If this sort of existence is so dreadful, so as to serve as the launching pad of our economic engine, that dreadful gravity so despicable we'll go to any lengths to reach its escape velocity, to propel not only our own growth but that of society - of civilization itself, it is an existence that would therefor seem required.  For, what if these jobs were compensated more fairly, thus likely regaining some status in the process.  What if instead of $8 dollars an hour, a gardener was receiving $24, able to choose where he wanted to live, pay all his bills, open a savings account, and pay for healthcare for his family? 

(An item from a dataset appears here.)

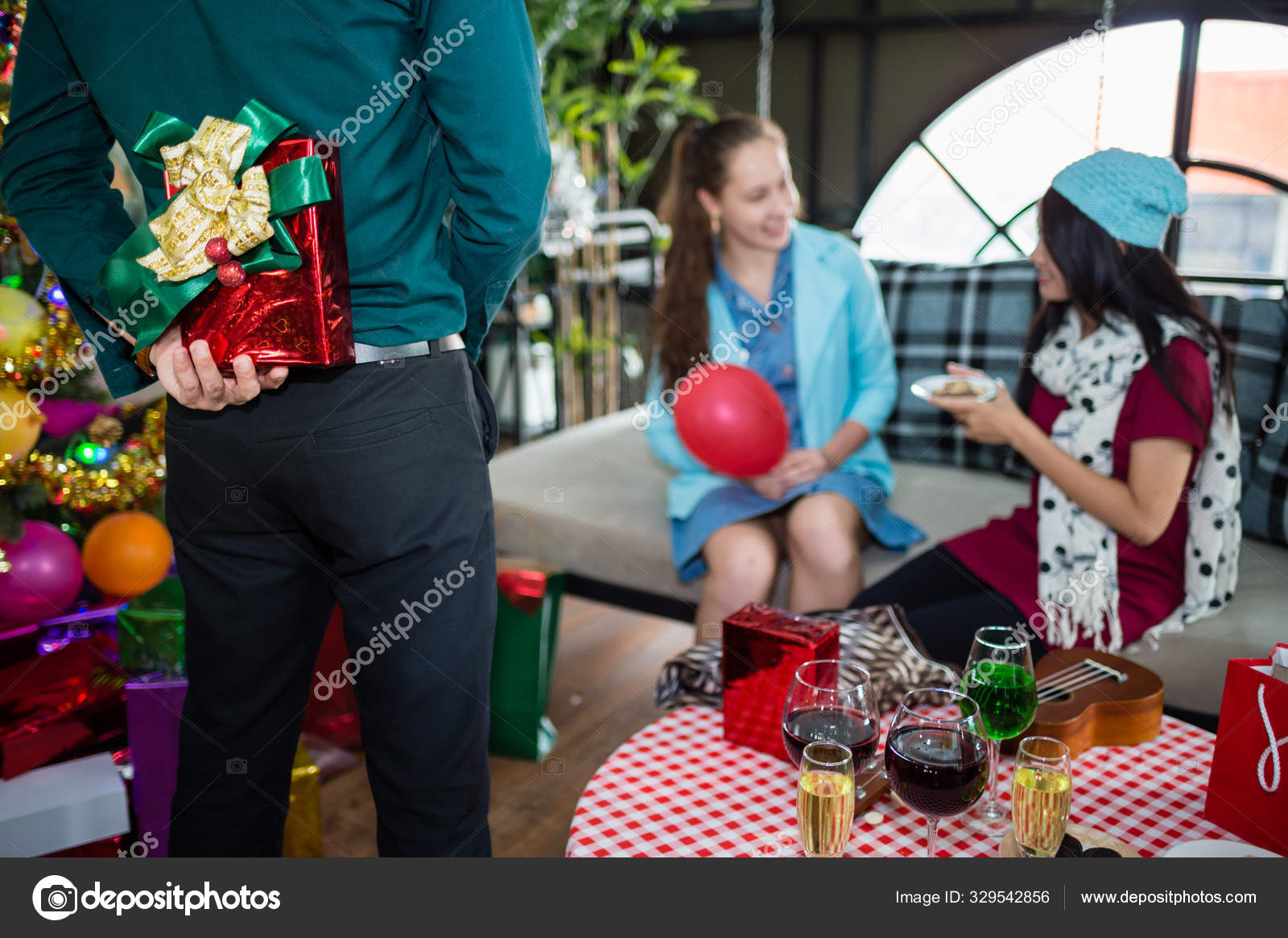 Man hide red gift box backside for new year surprise for girlfriend

What effect would this have on individual striving?  What effect on economic growth overall?  Would many of us forgo college or advanced technical training for the prospect of simple, well-compensated service work?  Non-essential services like gardening would no doubt become more rarefied as they would become a less affordable market. 

The deeper question we need to ask is what is it that drives some individuals into low-SES work, and others into higher-SES work.  It simply isn't the case that every citizen has the same odds of entering either occupation.  Demographics play an enormous role, as I have discussed the concepts of human and societal capital at length on this blog.  The societal capital one is born into is enormously determinative. 

So on the one hand you have the theory of SES incentive as a driver of life success.  Yet on the other, you have the fact that this incentive appears to operate quite differently across demographics.  How could this be?  If it were the most important determining factor, you would see little demographic effect.  So it seems clearly to be of marginal importance.  No one dreams of being a gardener or maid - certainly not the students I have taught whose parents were employed thusly.  In fact, they tended to be quite angry and rebellious, feeling, yet likely not understanding in a very comprehensive way, the very real sense that society was exploiting their family. 

One might think that this would create in them an even stronger incentive to gain more skills than their parents, so as to acquire a job with better pay and higher status.  After all, they were living the example of why these jobs are to be avoided.  Yet interestingly, their feelings were more complex.  For one, they were surrounded since birth by those with a similarly low-SES.  From their family to their neighbors, to their school peers, they were exposed to a lack of high-SES examples.  None of their parents were doctors or lawyers or teachers or successful business owners.  It therefore become more normal to expect less from life.  As much as they were exposed to examples of the reality of low-pay and low-status, they were also exposed to human resilience and transcendence.  They found ways to achieve status that were defined not by larger social norms - which were outside their immediate grasp - but that could be defined within the community. 

If they were not going to get respect from society - which, it must be said, had a racial component, namely "whiteness" - they were going to enforce and maintain it within their peer groups and community.  Juan's mom may have only been a maid for a "rich white lady", but Juan was going to have a bad-ass truck with pimped out speakers.  In this way, low-status work enforces social norms that acquire status through non-traditional, "outsider" means.  Among low income whites, these norms are going to be less radical than the "white" norms of larger society.  Yet among low income minorities, these "white" norms are going to be seen as less accessible, and furthermore resented as historical barriers to acquisition of status.

The concept of low-SES being a social good, as a promoter of incentive towards higher productivity is a convenient myth.  It sounds good, especially as a salve for our conscience as we engage in a marketplace that exploits low-SES workers.  But it is an ad-hoc construct with little evidence to back up its central claim of net benefit to human agency.  Instead, it undermines opportunity and social mobility by creating an economically and socially segregated caste of workers from which few escape.  It promotes not social mobility but generational poverty by depleting societal and human capital.